Problem to solve: All that is wanted is the exact lines from the first line of the data below through the line with "where Linear is", both ends included, with pictures omitted.
╭─ The data
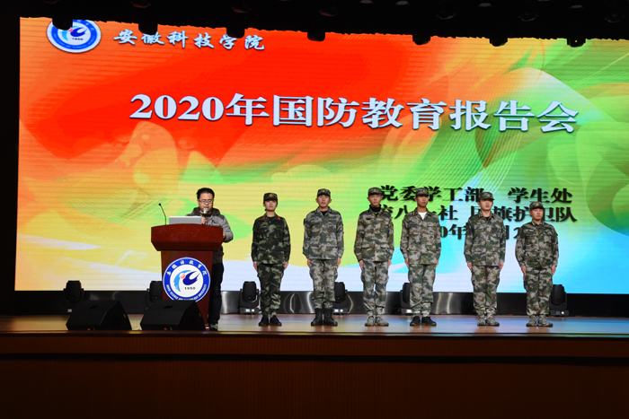 开云线上官网_开云(中国)也有这样一群“橄榄绿”,12月2日下午,在学生处组织下,开云线上官网_开云(中国)在凤阳校区开展了“2020年国防教育报告会”活动,凤阳校区八一社、国旗护卫队五名退役大学生和一名大学生教官以自身军旅经历,为在校学生展开一次生动而富有教育意义的国防教育宣讲活动,学生处学生科科长石志成老师在宣讲会上指出,国防教育在当代大学生是必不可少的学习内容之一,加强全民国防教育,巩固军政军民团结,是为实现中国梦、强军梦凝聚强大力量,并寄语参加宣讲会的同学们要坚定信念,树立远大理想,锤炼道德品质,努力学习,立志为国家强大贡献力量与智慧。
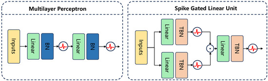 where Linear is the fully connected layer, TBN is the time-dimension batch normalization layer, and SN is the spike neuron layer. SGLU is an improved spike MLP with the addition of a gating mechanism that improves the expressive power of the model.
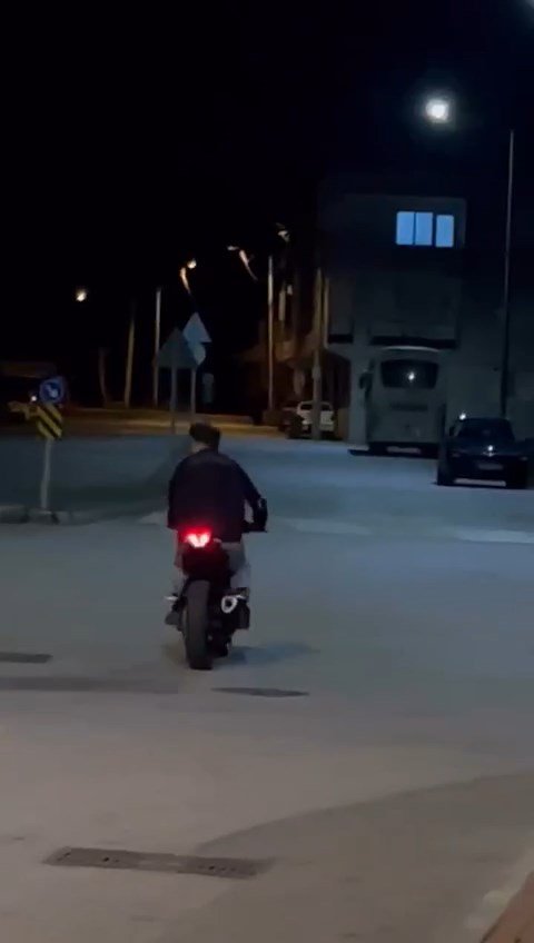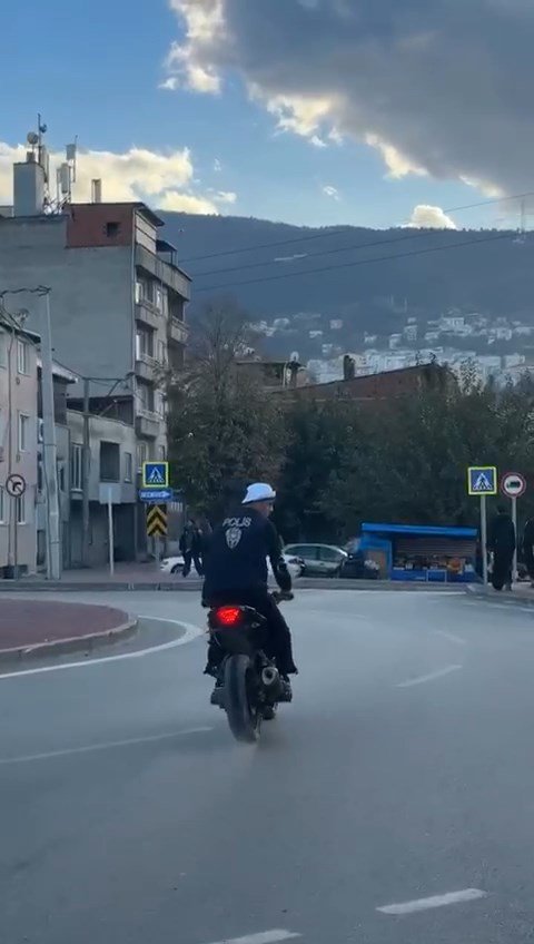 Olay, 30 Mart’ta Osmangazi ilçesi Alemdar Mahallesi’nde meydana geldi. Polis yeleği giyerek plakasız motosikletiyle trafiğe çıkan A.C., drift atıp, tek teker üzerinde ilerledi. Yaptığı tehlikeli hareketleri cep telefonuyla arkadaşına kaydettiren A.C., bu görüntüleri daha sonra sanal medya hesabından paylaştı. Harekete geçen İl Emniyet Müdürlüğü Osmangazi İlçe Emniyet Müdürlüğü’ne bağlı sivil trafik ekipleri, A.C.’yi 1 Nisan’da yakaladı. A.C.’ye, ‘Trafiği tehlikeye düşürmek’, ‘Plakasız araç kullanmak’, ‘Kask takmamak’ ve ‘Drift atmak’ gibi çeşitli maddelerden toplam 365 bin lira idari para cezası uygulandı. Motosiklet de 30 gün süreyle trafikten menedilerek otoparka çekildi. (DHA)
╰─
Exercise solution:
 开云线上官网_开云(中国)也有这样一群“橄榄绿”,12月2日下午,在学生处组织下,开云线上官网_开云(中国)在凤阳校区开展了“2020年国防教育报告会”活动,凤阳校区八一社、国旗护卫队五名退役大学生和一名大学生教官以自身军旅经历,为在校学生展开一次生动而富有教育意义的国防教育宣讲活动,学生处学生科科长石志成老师在宣讲会上指出,国防教育在当代大学生是必不可少的学习内容之一,加强全民国防教育,巩固军政军民团结,是为实现中国梦、强军梦凝聚强大力量,并寄语参加宣讲会的同学们要坚定信念,树立远大理想,锤炼道德品质,努力学习,立志为国家强大贡献力量与智慧。
 where Linear is the fully connected layer, TBN is the time-dimension batch normalization layer, and SN is the spike neuron layer. SGLU is an improved spike MLP with the addition of a gating mechanism that improves the expressive power of the model.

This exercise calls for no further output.